▶ YOUR TASK: I'd like the entries repeated exactly, without their pictures.

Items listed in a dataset

┌──

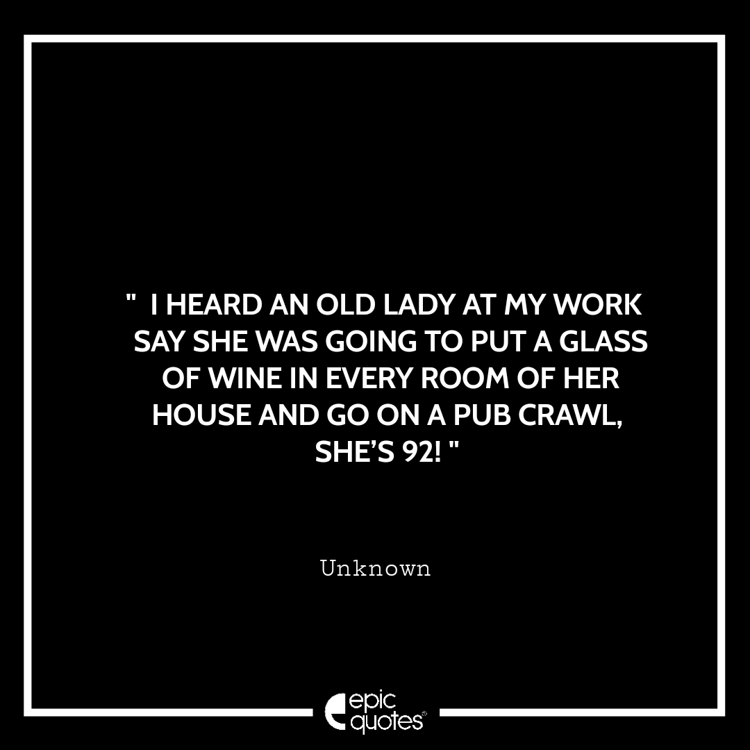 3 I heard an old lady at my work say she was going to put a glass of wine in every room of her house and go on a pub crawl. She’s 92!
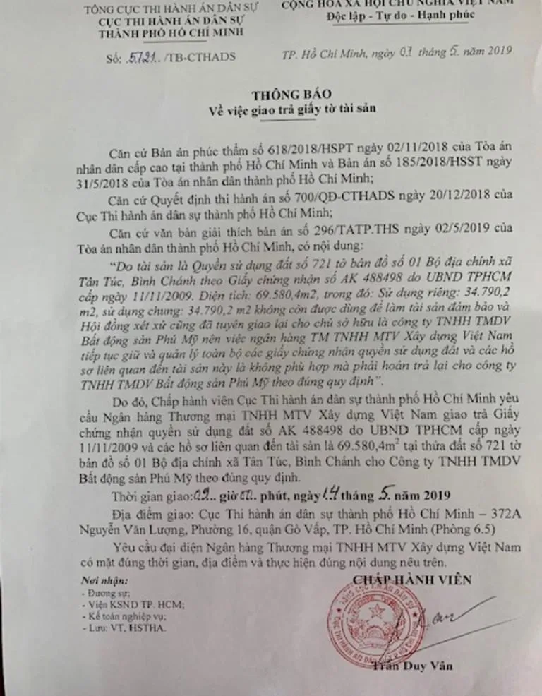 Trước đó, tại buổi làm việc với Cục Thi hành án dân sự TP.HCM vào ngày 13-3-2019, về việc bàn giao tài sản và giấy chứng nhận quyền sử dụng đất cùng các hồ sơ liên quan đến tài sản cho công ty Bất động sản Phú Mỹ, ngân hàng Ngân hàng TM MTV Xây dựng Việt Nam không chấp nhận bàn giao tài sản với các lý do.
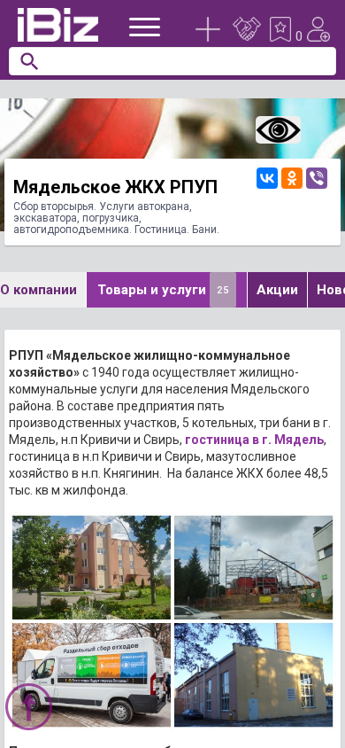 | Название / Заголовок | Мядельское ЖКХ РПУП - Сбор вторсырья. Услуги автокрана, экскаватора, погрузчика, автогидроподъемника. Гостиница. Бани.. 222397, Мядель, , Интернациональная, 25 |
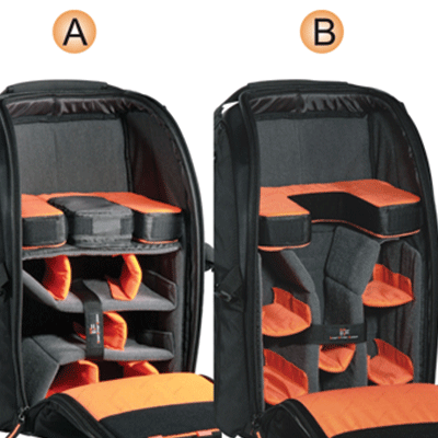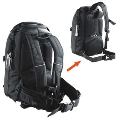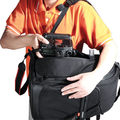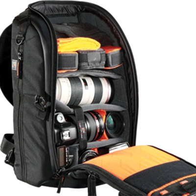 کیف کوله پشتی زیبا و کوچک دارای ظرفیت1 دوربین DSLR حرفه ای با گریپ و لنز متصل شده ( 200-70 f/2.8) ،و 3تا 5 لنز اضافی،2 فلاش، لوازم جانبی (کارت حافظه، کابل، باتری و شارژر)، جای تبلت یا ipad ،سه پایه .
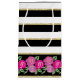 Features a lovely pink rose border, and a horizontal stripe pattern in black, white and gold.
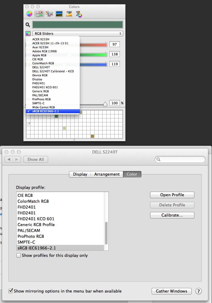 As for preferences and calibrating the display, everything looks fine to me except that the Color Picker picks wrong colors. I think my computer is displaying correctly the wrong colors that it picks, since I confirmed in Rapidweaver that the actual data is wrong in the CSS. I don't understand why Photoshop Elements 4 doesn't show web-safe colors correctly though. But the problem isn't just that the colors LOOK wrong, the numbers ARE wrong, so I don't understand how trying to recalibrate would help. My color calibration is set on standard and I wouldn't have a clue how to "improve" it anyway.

└──

▶ RESULT OF THIS TASK:
 3 I heard an old lady at my work say she was going to put a glass of wine in every room of her house and go on a pub crawl. She’s 92!
 Trước đó, tại buổi làm việc với Cục Thi hành án dân sự TP.HCM vào ngày 13-3-2019, về việc bàn giao tài sản và giấy chứng nhận quyền sử dụng đất cùng các hồ sơ liên quan đến tài sản cho công ty Bất động sản Phú Mỹ, ngân hàng Ngân hàng TM MTV Xây dựng Việt Nam không chấp nhận bàn giao tài sản với các lý do.
 | Название / Заголовок | Мядельское ЖКХ РПУП - Сбор вторсырья. Услуги автокрана, экскаватора, погрузчика, автогидроподъемника. Гостиница. Бани.. 222397, Мядель, , Интернациональная, 25 |
 کیف کوله پشتی زیبا و کوچک دارای ظرفیت1 دوربین DSLR حرفه ای با گریپ و لنز متصل شده ( 200-70 f/2.8) ،و 3تا 5 لنز اضافی،2 فلاش، لوازم جانبی (کارت حافظه، کابل، باتری و شارژر)، جای تبلت یا ipad ،سه پایه .
 Features a lovely pink rose border, and a horizontal stripe pattern in black, white and gold.
 As for preferences and calibrating the display, everything looks fine to me except that the Color Picker picks wrong colors. I think my computer is displaying correctly the wrong colors that it picks, since I confirmed in Rapidweaver that the actual data is wrong in the CSS. I don't understand why Photoshop Elements 4 doesn't show web-safe colors correctly though. But the problem isn't just that the colors LOOK wrong, the numbers ARE wrong, so I don't understand how trying to recalibrate would help. My color calibration is set on standard and I wouldn't have a clue how to "improve" it anyway.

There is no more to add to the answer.